EXERCISE DESCRIPTION. In the records below, the line with "في تغريدة عبر" opens the range and the line with "Si les boulettes" closes it; print that range exactly and nothing else.

DATASET.
- - - - - - -

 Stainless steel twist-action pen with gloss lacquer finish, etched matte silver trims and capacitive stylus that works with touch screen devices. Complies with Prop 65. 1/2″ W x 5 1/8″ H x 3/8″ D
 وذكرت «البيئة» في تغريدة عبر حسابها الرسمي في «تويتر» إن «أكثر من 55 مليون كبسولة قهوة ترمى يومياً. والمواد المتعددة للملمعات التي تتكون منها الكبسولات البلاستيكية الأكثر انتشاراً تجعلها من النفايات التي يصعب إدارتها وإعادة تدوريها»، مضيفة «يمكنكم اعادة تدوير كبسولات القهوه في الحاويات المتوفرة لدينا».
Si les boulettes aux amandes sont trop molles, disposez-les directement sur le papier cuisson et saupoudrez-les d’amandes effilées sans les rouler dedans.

- - - - - - -

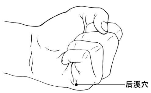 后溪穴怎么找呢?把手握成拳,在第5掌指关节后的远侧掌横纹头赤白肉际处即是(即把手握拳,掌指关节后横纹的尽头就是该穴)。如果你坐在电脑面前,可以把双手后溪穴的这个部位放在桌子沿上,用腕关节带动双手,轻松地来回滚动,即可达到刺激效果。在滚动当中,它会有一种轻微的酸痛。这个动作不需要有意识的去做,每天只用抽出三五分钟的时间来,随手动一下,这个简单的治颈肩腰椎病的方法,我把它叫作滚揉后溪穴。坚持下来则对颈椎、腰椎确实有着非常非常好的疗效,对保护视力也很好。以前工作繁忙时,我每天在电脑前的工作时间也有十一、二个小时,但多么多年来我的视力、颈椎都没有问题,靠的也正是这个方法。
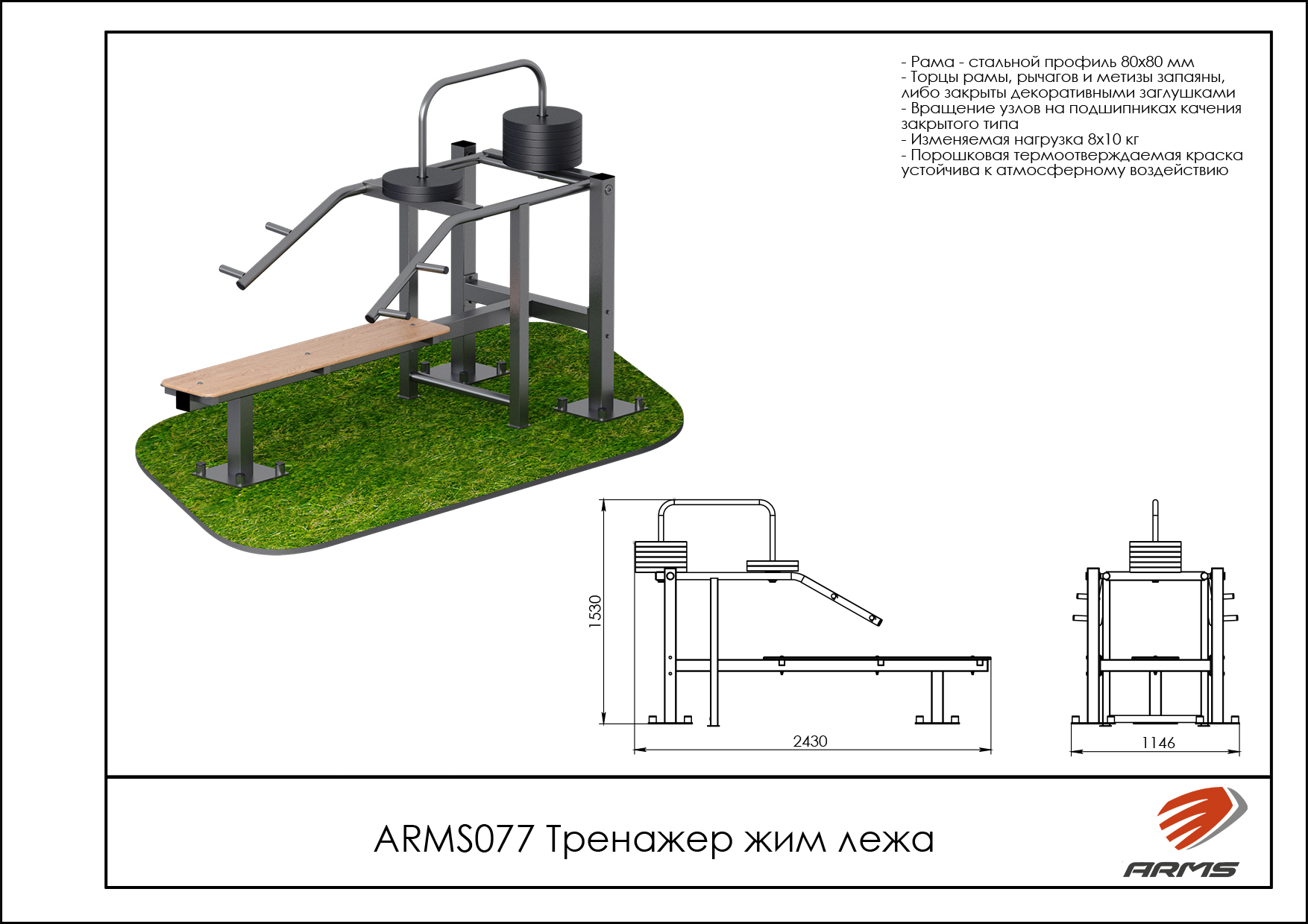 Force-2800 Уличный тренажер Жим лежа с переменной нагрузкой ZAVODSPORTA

- - - - - - -

EXERCISE RESPONSE.
 وذكرت «البيئة» في تغريدة عبر حسابها الرسمي في «تويتر» إن «أكثر من 55 مليون كبسولة قهوة ترمى يومياً. والمواد المتعددة للملمعات التي تتكون منها الكبسولات البلاستيكية الأكثر انتشاراً تجعلها من النفايات التي يصعب إدارتها وإعادة تدوريها»، مضيفة «يمكنكم اعادة تدوير كبسولات القهوه في الحاويات المتوفرة لدينا».
Si les boulettes aux amandes sont trop molles, disposez-les directement sur le papier cuisson et saupoudrez-les d’amandes effilées sans les rouler dedans.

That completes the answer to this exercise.